IOM Ghana, Kofi Kinaata Releases Song Against Irregular Migration

By Emmanuel Ajarfor Abugri
IOM Ghana, Kofi Kinaata Releases Song Against Irregular Migration
07.05.2018 LISTEN

IOM Ghana has launched a campaign to raise awareness on the dangers of irregular migration using a song titled, “No Place Like Home,” by the ‘Confession’ hit artiste Kofi Kinaata who was nominated as IOM Ghana’s Goodwill Ambassador on Safe Migration.

The song and video, available on YouTube (https://youtu.be/oFukHyBS1YU), encourages the youth to be critical about migration and do so in a regular manner.

The campaign song promises to be a hit and expected to have a good impact to discourage the youth from migrating through irregular means. The 3-day campaign targets young people in the Western Region, one of the main areas of origin for Ghanaian returnees from Libya.

As a Goodwill Ambassador on Safe Migration, Kofi Kinaata accompanied IOM Ghana staff, Ghana Immigration Service (GIS) officers and members of the European Union Delegation to Ghana to his alma mater, Takoradi Technical Institute (TTI) to speak to the students on the dangers of irregular migration and the importance of making informed decisions.

The Ghanaian rapper and songwriter was appointed the UN Migration Agency’s first Goodwill Ambassador in November 2017 to promote safe migration in Ghana. As an Ambassador, through the song, but also through direct engagement with communities and youth, Kinaata will support the Agency’s awareness raising campaigns.

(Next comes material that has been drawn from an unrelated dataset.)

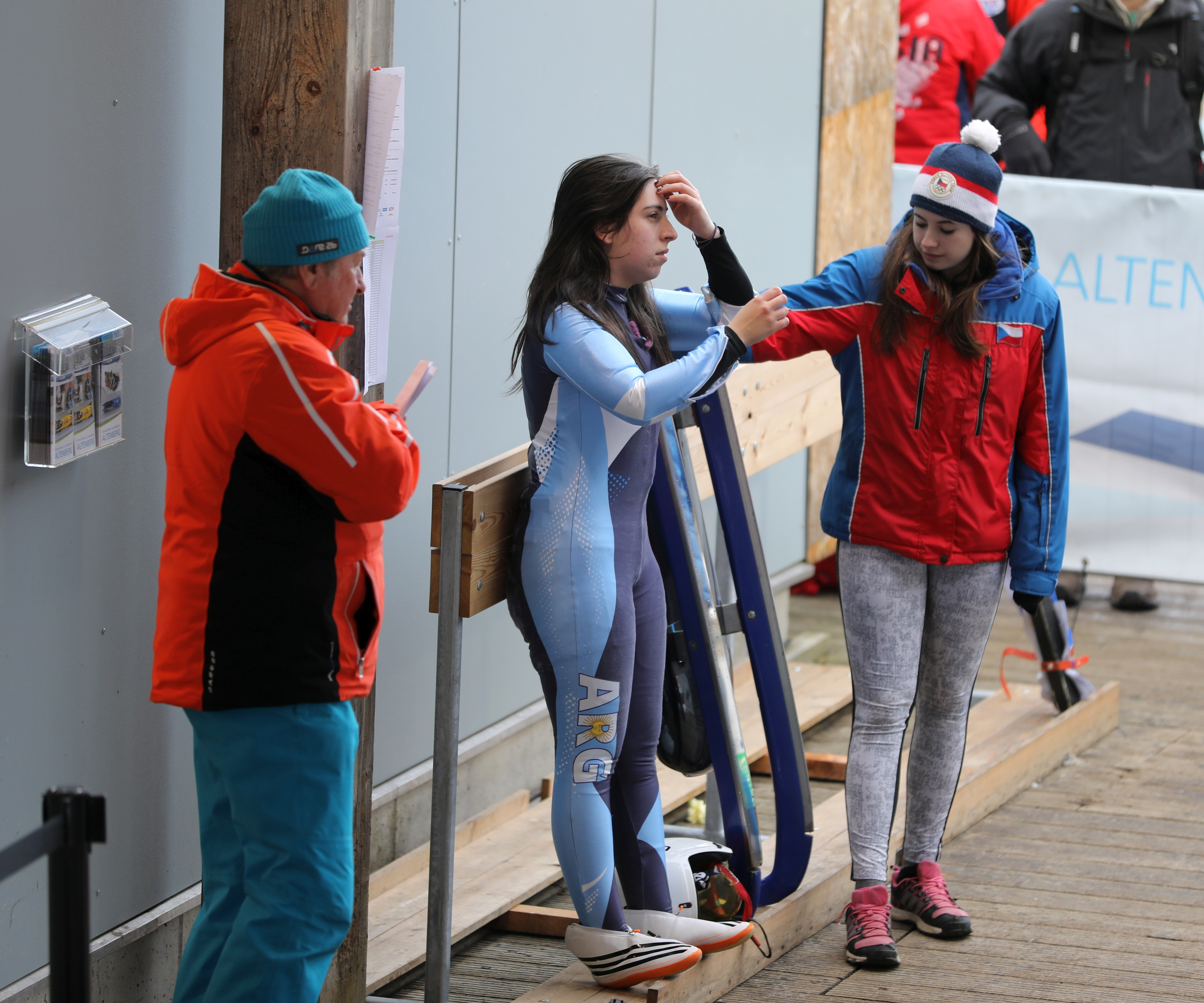 2nd and final run female juniors at the 2018 33th FIL Junior World Championships at Februar 1st alt Altenberg, Germany (names in categories)

The development of the song and video “No Place Like Home” was supported by the German Federal Foreign Office under the project “Aware Migrants – Engaging Communities in West Africa.”

Drawing inspiration for the song from personal experiences of friends from Takoradi who have migrated irregularly as well as from a recent trip to the Brong Ahafo Region where he accompanied IOM on a sensitization tour, the Ghanaian rapper warns of the dangers of irregular migration.

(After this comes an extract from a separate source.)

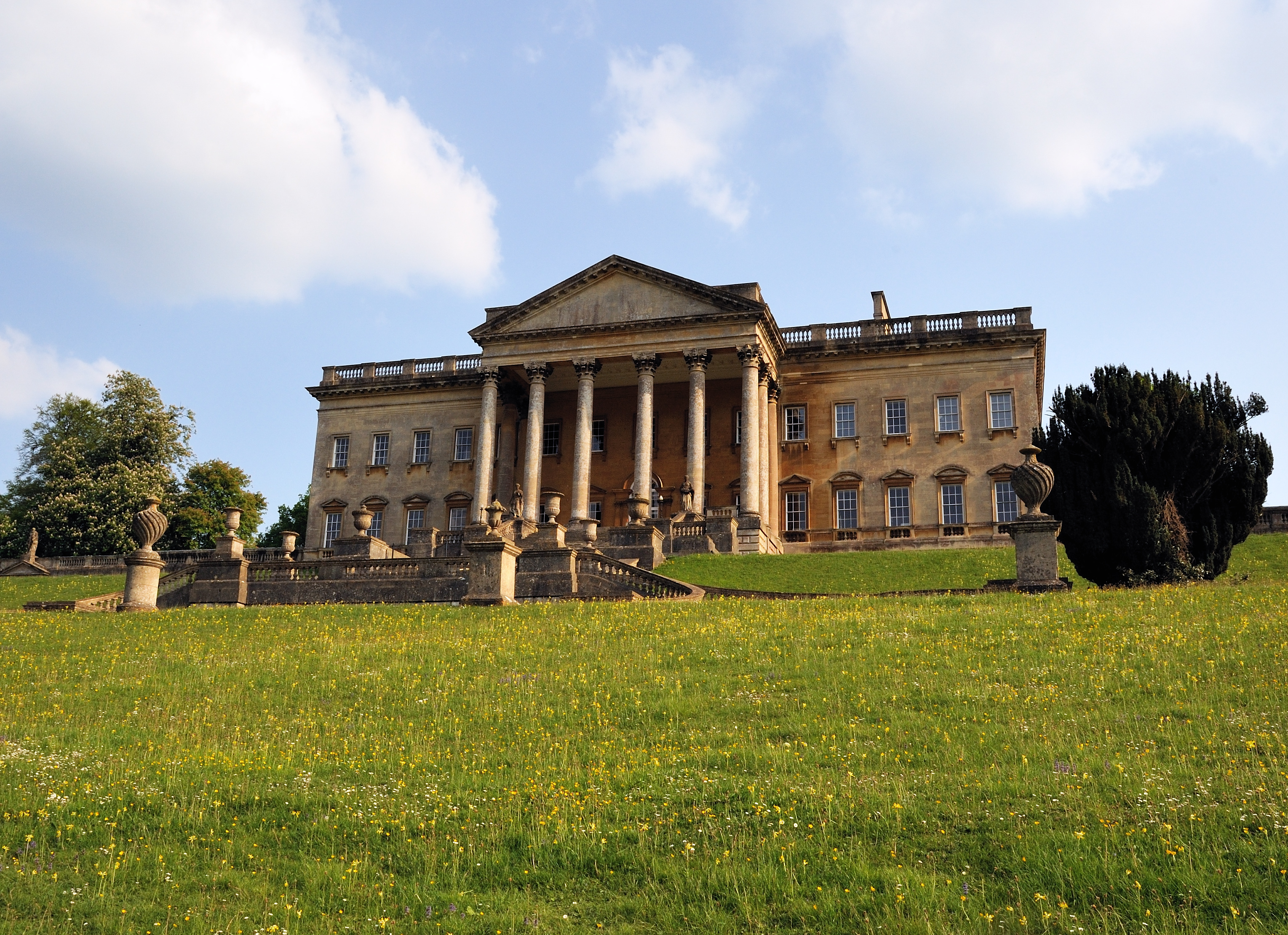 Prior Park College - Catholic Boarding School housed in a grade 1 listed Palladian mansion.

In 2016 alone, 5,636 Ghanaian migrants arrived in Italy by sea, an increase from 4,431 in 2015. Most Ghanaians trying to reach Europe travel through Libya, where currently tens of thousands of the estimated 700,000 migrants living in the country suffer horrendous human rights abuses.

Since June 2017, under the EU-IOM Joint Initiative on Migrant Protection and Reintegration in Ghana, IOM has supported the return of 496 Ghanaians from Libya, and is in the process of facilitating their reintegration in their communities of return.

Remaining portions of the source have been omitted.